*Exercise brief*
Pictures in the material below are to be left out, and only the lines from the line with "likeadmin支持手机、" up to and including the line with "linefriends布朗熊" are to be written out exactly.

*Record excerpts*
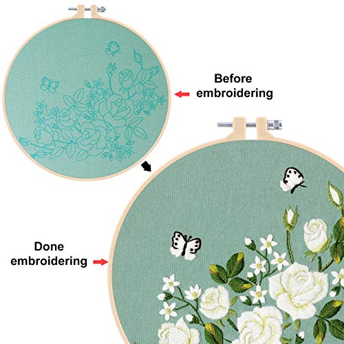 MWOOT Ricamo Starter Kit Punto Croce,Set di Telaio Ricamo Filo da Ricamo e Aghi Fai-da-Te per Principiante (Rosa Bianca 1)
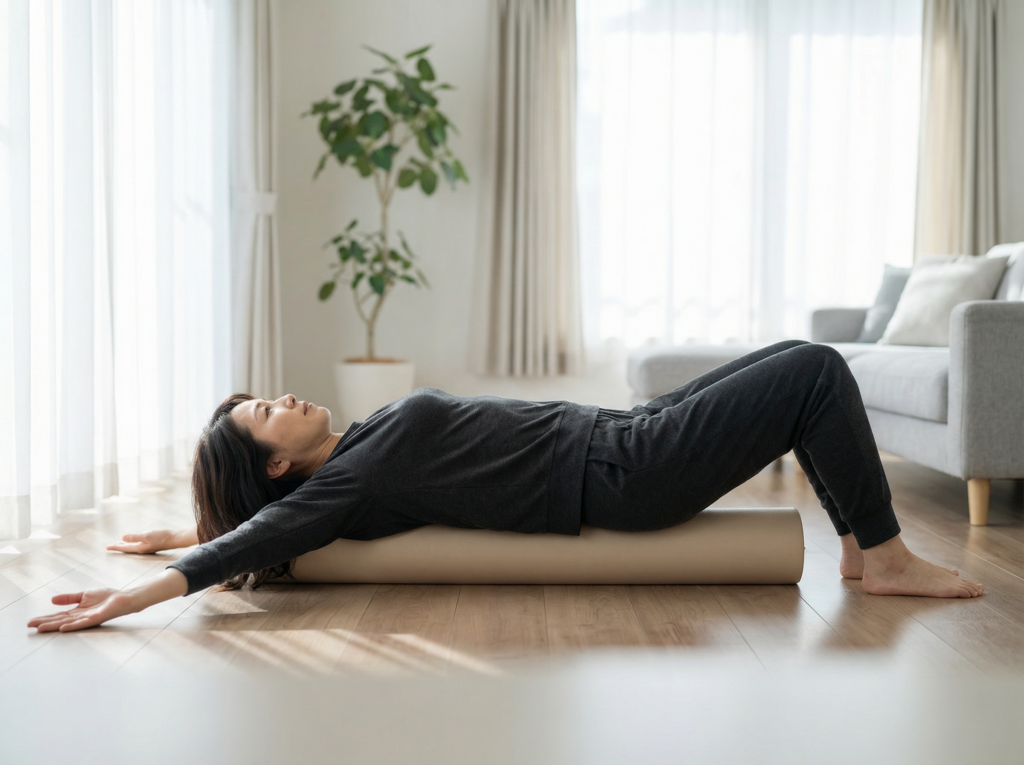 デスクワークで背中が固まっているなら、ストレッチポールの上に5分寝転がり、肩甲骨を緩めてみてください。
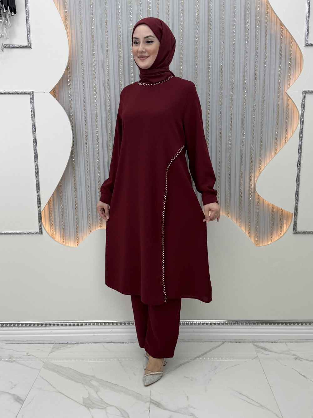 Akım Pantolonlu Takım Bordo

==

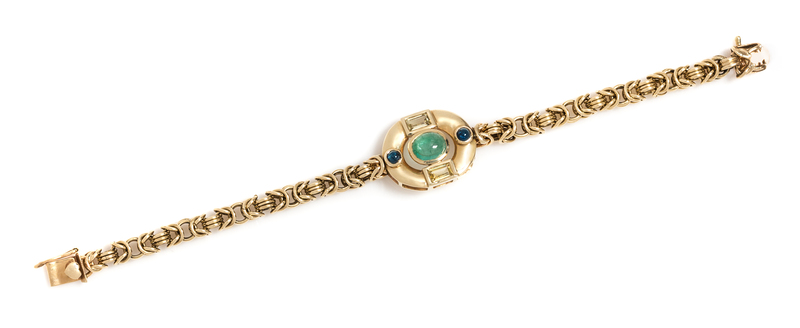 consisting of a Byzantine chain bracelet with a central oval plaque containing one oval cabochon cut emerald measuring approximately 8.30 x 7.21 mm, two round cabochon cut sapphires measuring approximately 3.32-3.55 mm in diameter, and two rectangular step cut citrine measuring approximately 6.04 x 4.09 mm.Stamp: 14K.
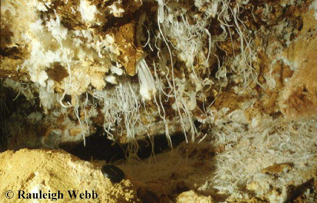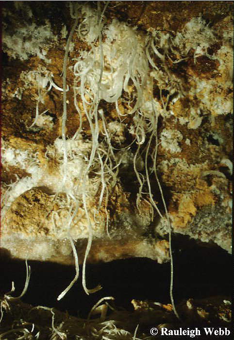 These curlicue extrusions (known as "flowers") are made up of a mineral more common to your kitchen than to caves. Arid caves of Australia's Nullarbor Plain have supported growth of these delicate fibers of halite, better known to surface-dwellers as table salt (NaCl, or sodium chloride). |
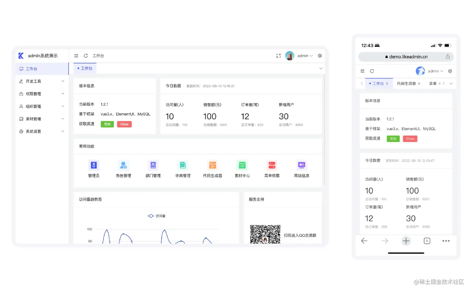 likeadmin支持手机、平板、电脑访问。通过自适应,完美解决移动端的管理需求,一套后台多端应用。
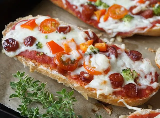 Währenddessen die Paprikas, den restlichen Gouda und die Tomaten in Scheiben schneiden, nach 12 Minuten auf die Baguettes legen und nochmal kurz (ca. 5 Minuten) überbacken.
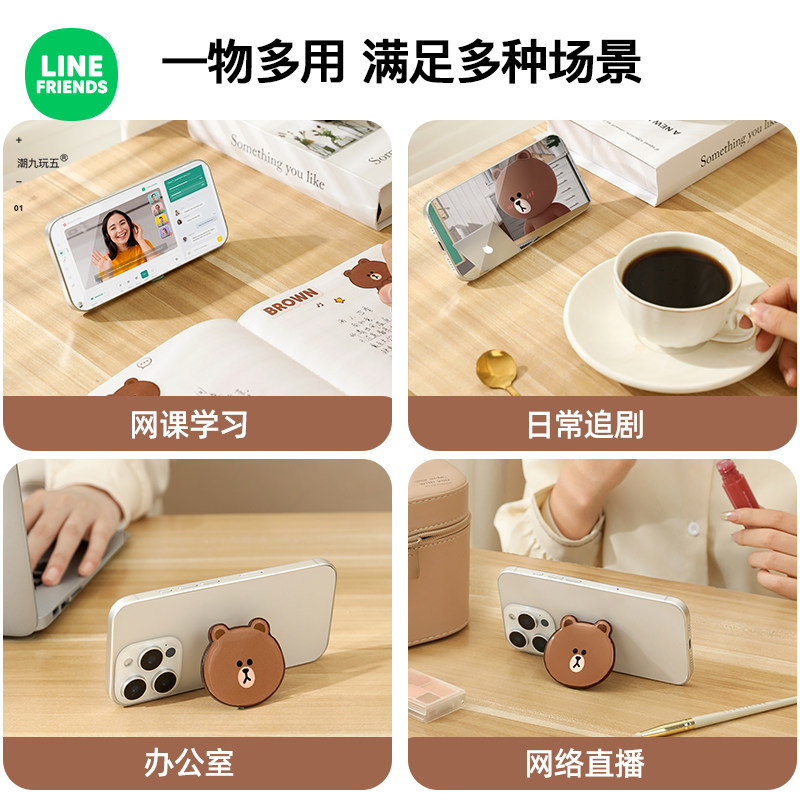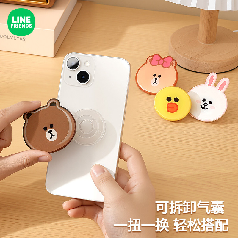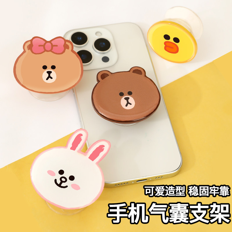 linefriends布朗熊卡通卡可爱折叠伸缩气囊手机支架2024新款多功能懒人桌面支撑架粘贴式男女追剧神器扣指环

--

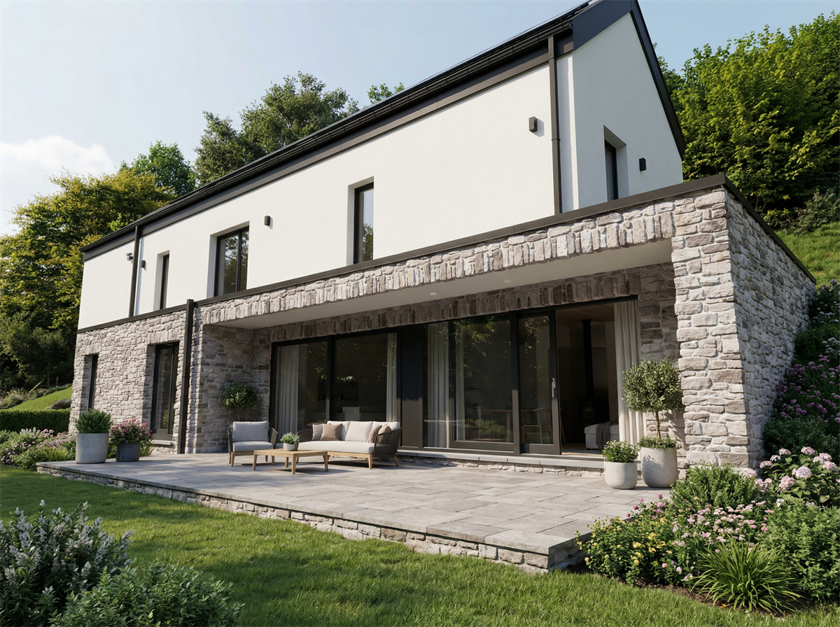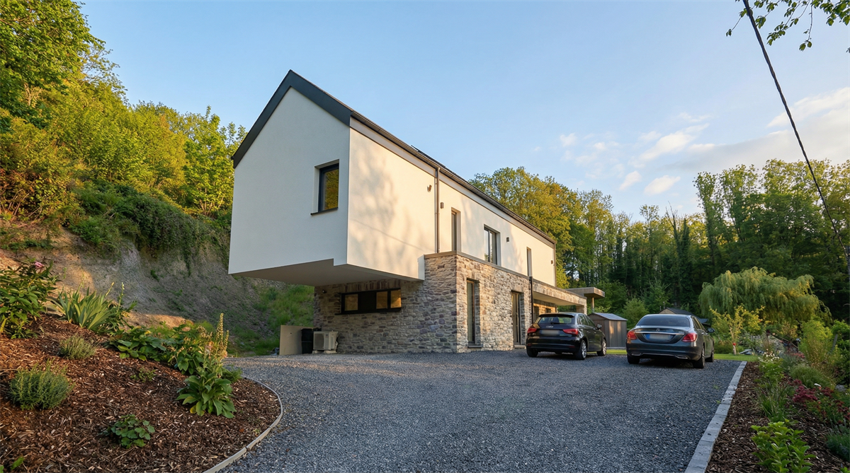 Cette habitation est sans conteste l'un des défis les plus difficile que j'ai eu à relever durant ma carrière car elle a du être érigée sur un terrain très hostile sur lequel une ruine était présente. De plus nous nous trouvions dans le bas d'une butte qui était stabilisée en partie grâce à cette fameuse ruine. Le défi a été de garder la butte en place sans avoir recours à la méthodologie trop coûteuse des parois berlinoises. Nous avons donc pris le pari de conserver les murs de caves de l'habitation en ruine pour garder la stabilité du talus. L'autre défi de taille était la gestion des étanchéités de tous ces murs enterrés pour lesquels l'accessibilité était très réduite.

*Expected answer*
 likeadmin支持手机、平板、电脑访问。通过自适应,完美解决移动端的管理需求,一套后台多端应用。
 Währenddessen die Paprikas, den restlichen Gouda und die Tomaten in Scheiben schneiden, nach 12 Minuten auf die Baguettes legen und nochmal kurz (ca. 5 Minuten) überbacken.
 linefriends布朗熊卡通卡可爱折叠伸缩气囊手机支架2024新款多功能懒人桌面支撑架粘贴式男女追剧神器扣指环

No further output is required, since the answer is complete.